MUTUALISER LES ESPACES

Pour l’association, il est impératif de penser les projets dès le plan localisé de quartier.

Face à la raréfaction du foncier, le manque annoncé d’énergie et la nécessité de réduire notre consommation, mais aussi pour répondre à un besoin grandissant de solidarité et d’entraide, la mutualisation d’espaces à usages multiples est une piste à explorer. Par exemple, une chambre disponible dans l’immeuble pour y accueillir des amis, de la famille, un aide-soignant ou des enfants qui viennent un week-end sur deux est une proposition qui fait sens.

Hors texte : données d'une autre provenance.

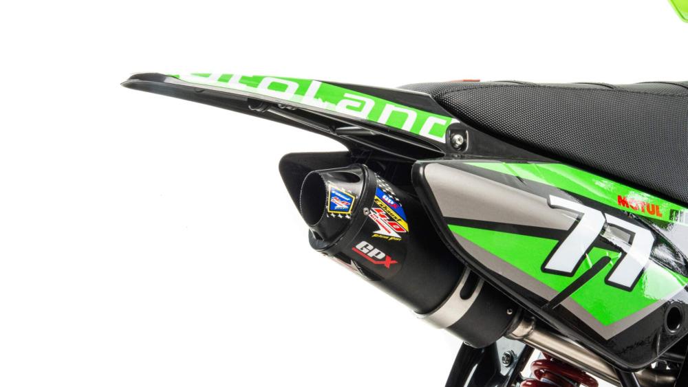 Питбайк оснащён карбюратором NIBBI PE n24 и одноцилиндровым четырёхтактным двигателем с воздушным охлаждением. Надёжный мотор мощностью 8 л. с. и объемом 125 см³ разгоняет питбайк до 90 км/ч.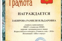 Учитель математики, Закирова Рамиля Ильдаровна, стала лауреатом муниципального этапа Всероссийского конкурса "Учитель года-2016" в номинации: "Шаг в науку". Молодец! Желаем дальнейших успехов! -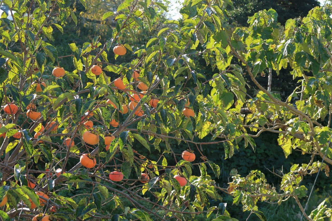 走り続けた街中とは打って変わって、柿の木があるような山っぽいエリア。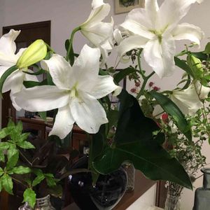私の大好きな白ゆりが満開です💖 名前は分からないけど、主人の実家の庭からいただいてきたもの。 もう4~5年になるかな…? いい香りが漂ってます(*ˊ˘ˋ*)。♪:*°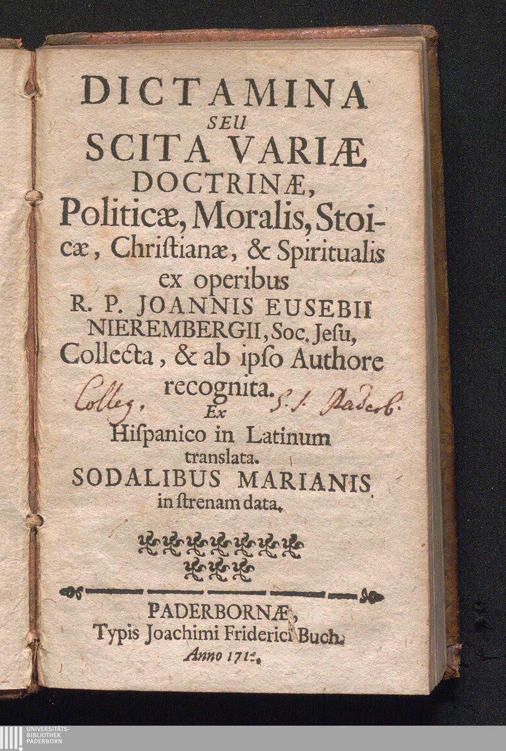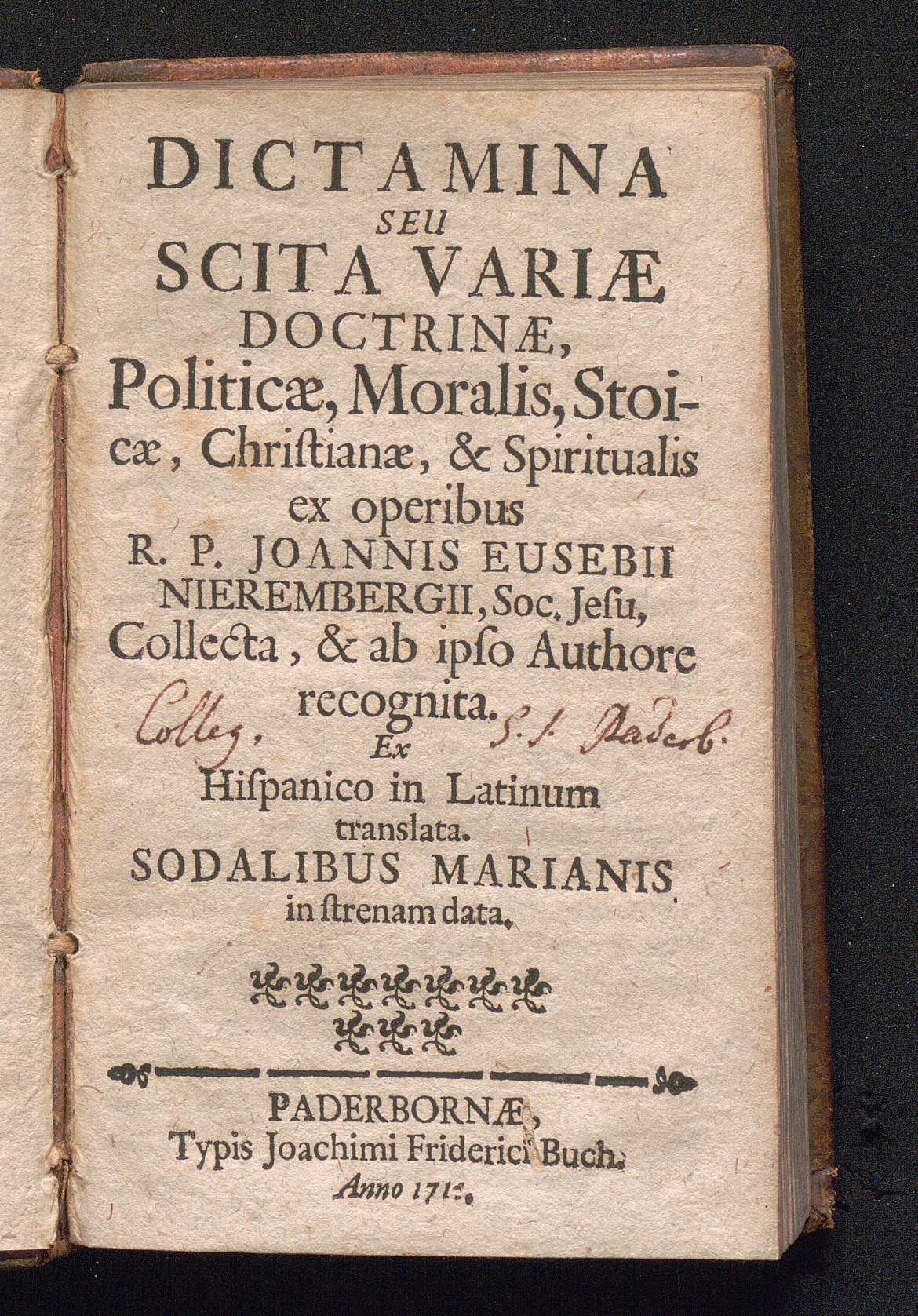 Dictamina Seu Scita Variæ Doctrinæ, Politicæ, Moralis, Stoicæ, Christianæ, & Spiritualis : Ex operibus R.P. Joannis Eusebii Nierembergii, Soc. Jesu, Collecta, & ab ipso Authore recognita ; Ex Hispanico in Latinum translata. Sodalibus Marianis in strenam data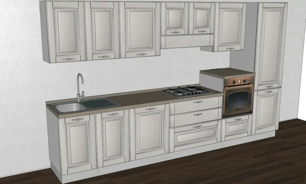 Sono esclusi dal prezzo della cucina gli elettrodomestici (forno, piano cottura, lavastoviglie, frigorifero ad incasso, lavello e miscelatore), i fianchi a vista in finitura come l’anta e la cornice sopra-pensile.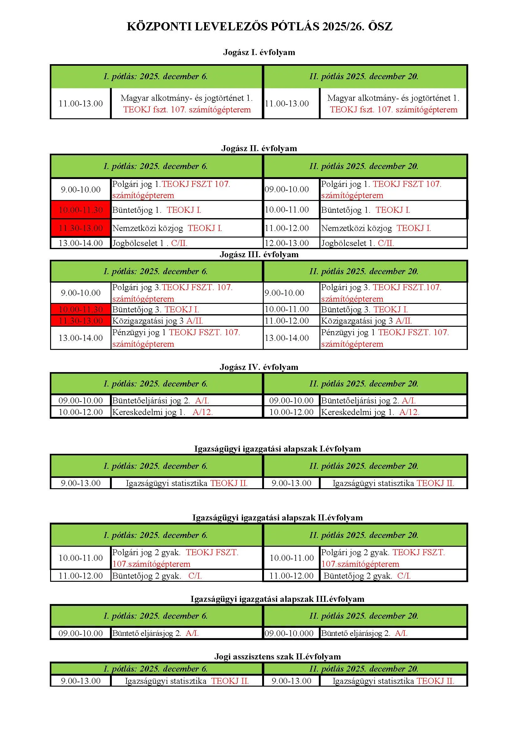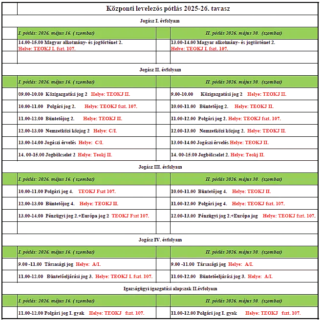 Központi levelezős pótlás | Állam- és Jogtudományi Kar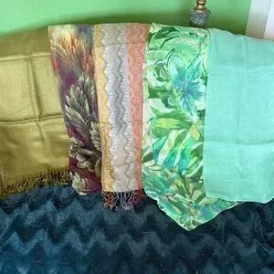 Set of vibrant scarves featuring green, multicolor patterns, and gold tones. Perfect for adding a pop of color to any outfit. All of the scarves are made from a variety of fabrics and are different sizes. Scarves have been stored in a protective bag and are from a smoke free home.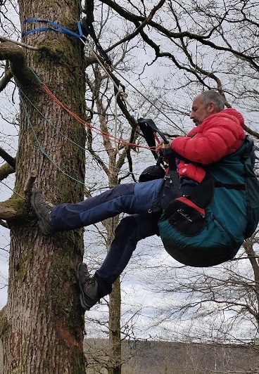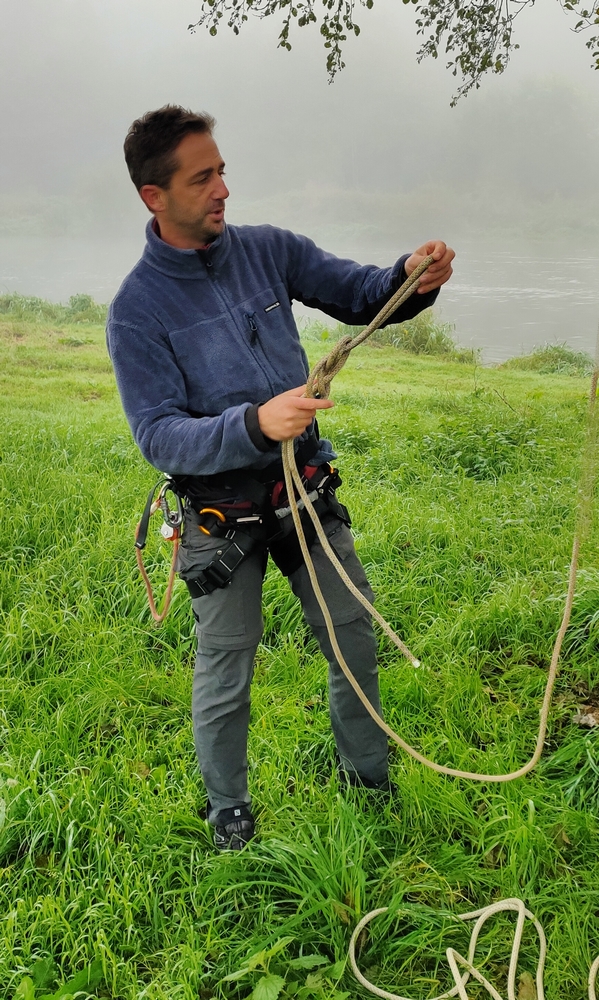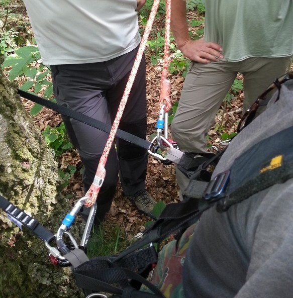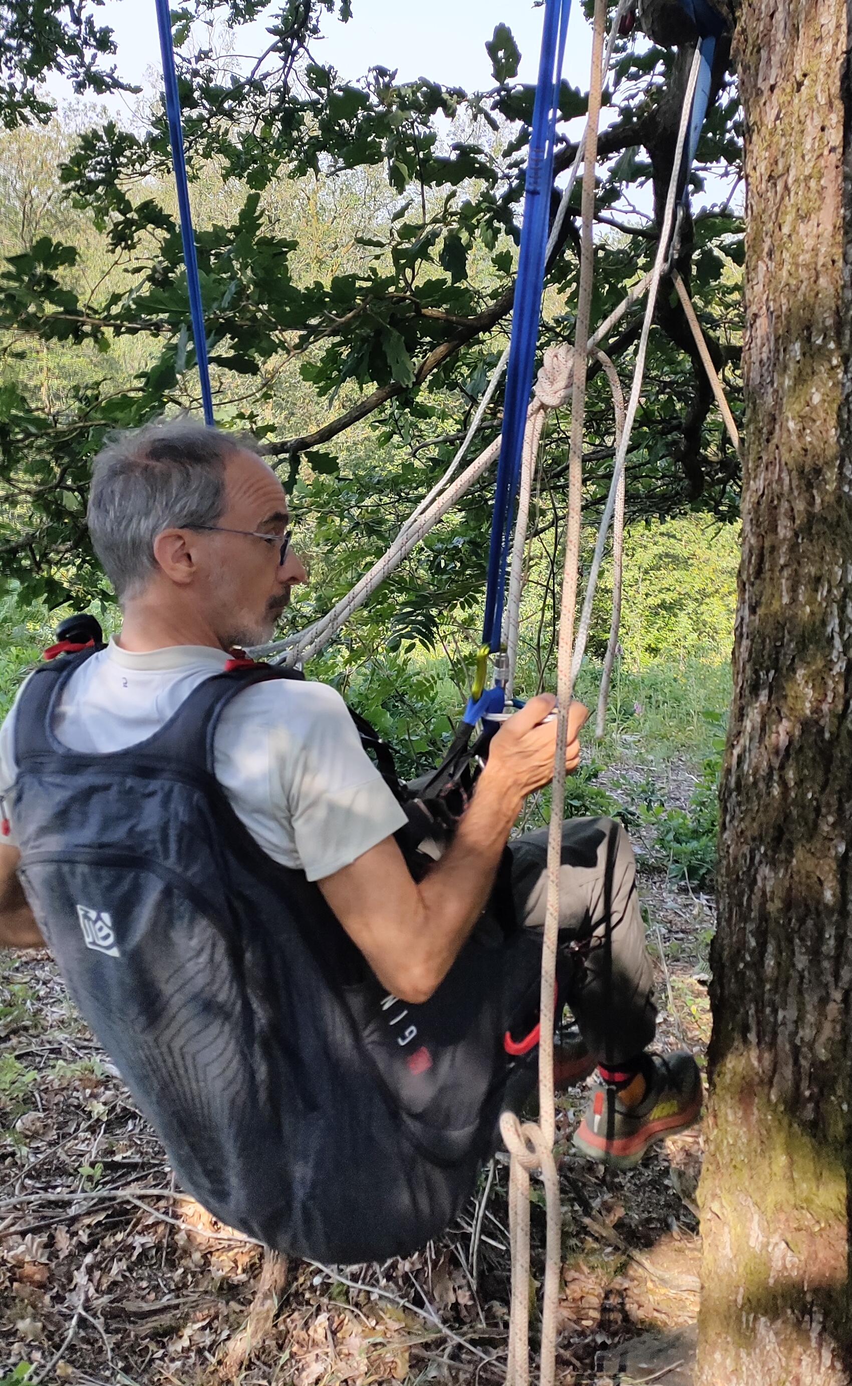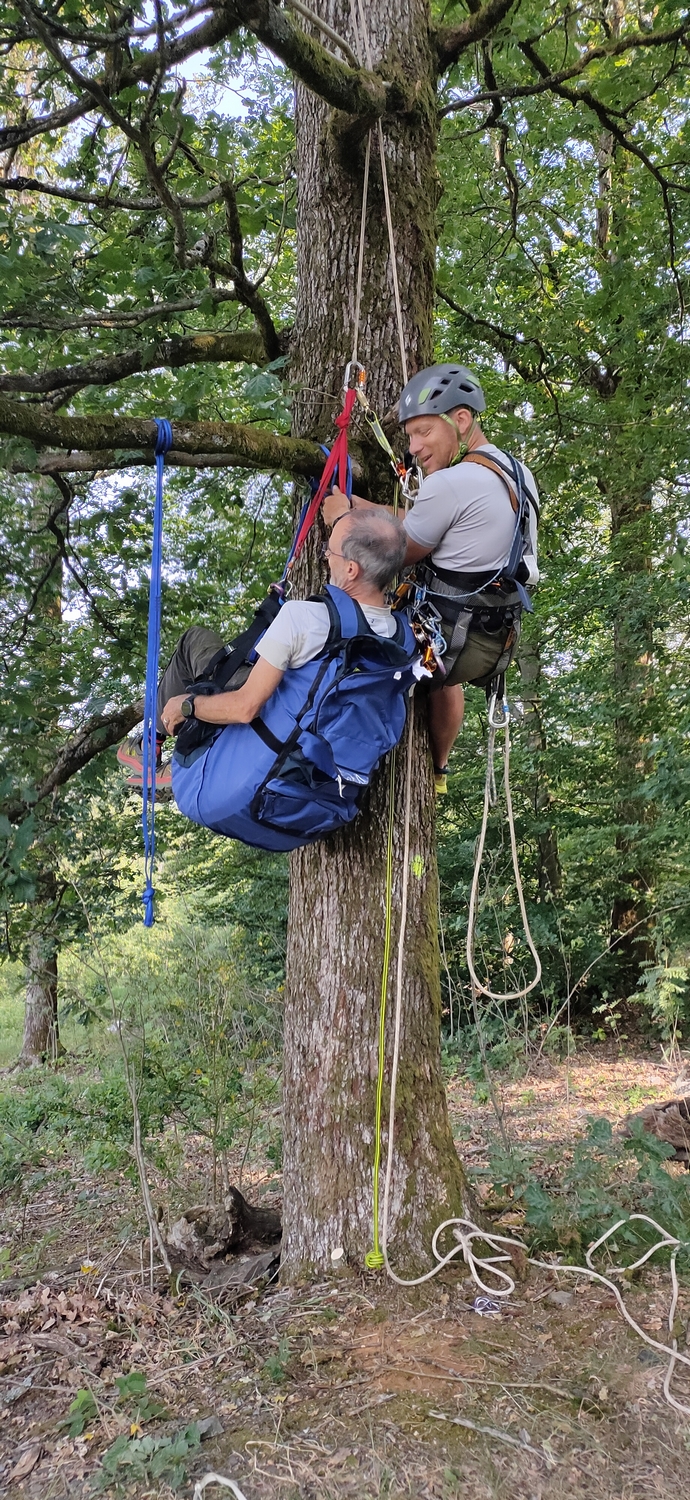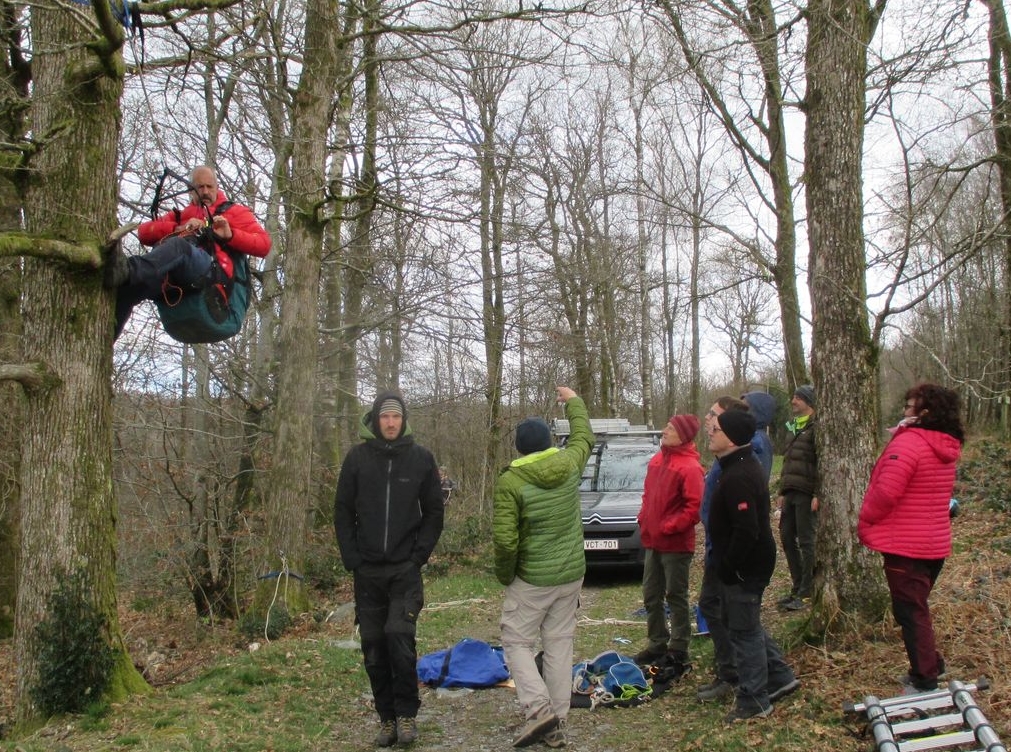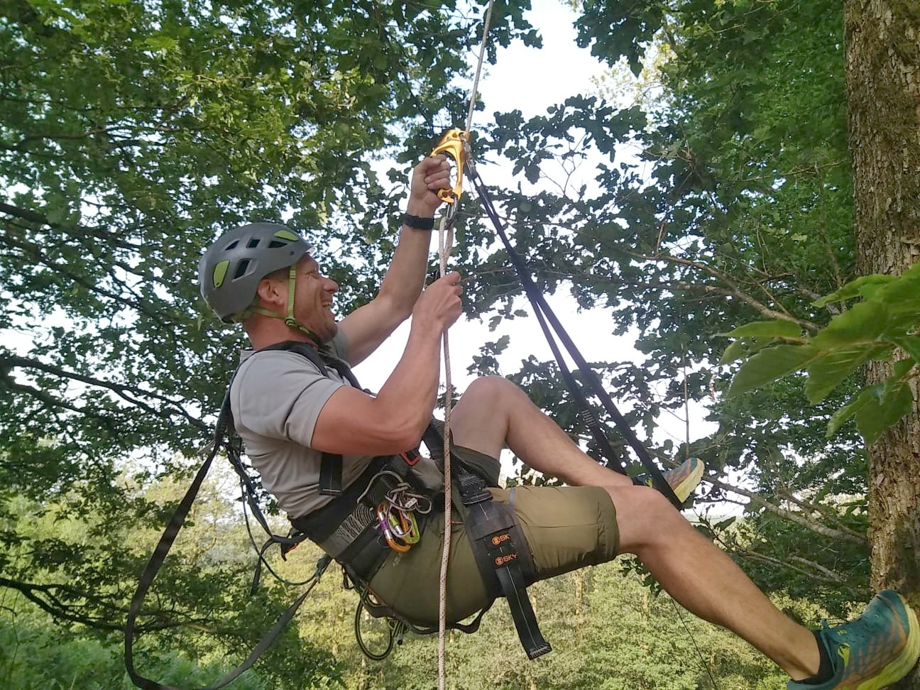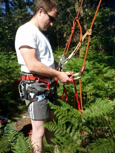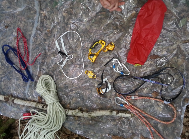 Baudrier, mousquetons, corde, scie, cordelette, sangles, sac à lancer,

Le logement de demain devra donc être conçu de façon à offrir une plus-value d’usage pour tous à moindre coût, dans une perspective intergénérationnelle et de vivre-ensemble. Ces mêmes dispositions devront s’étendre aux espaces communs de l’immeuble et à l’aménagement de son périmètre, jusqu’à gagner les espaces communs du quartier.

«Notre travail au sein de l’association AH4G est aussi d’identifier les obstacles légaux qui nous empêchent de composer un autre type de logements, expose Laura Mechkat. À Genève, rien que le fait que le logement soit compté en nombre de pièces, et non en m2, ferme déjà certaines possibilités d’expérimentation.»

José Antonio Garcia Carrera a cité Mme Hiltpold, maire de la Ville de Carouge, qui s’est exprimée lors de la séance de restitution: «La ville de demain c’est peut-être la ville d’hier, ce genre de lieu que l’on retrouve dans le vieux Carouge, avec des places et des cours intérieures qui permettent de compenser des appartements petits.»

L’idée pourrait déboucher sur une plus grande responsabilité donnée non plus seulement aux communes mais aux quartiers. «Si l’entité du quartier pouvait avoir un certain pouvoir de décision, cela pourrait faciliter l’organisation et l’appropriation par les habitants et déboucher sur une plus large occupation de l’espace public», suggère l’architecte.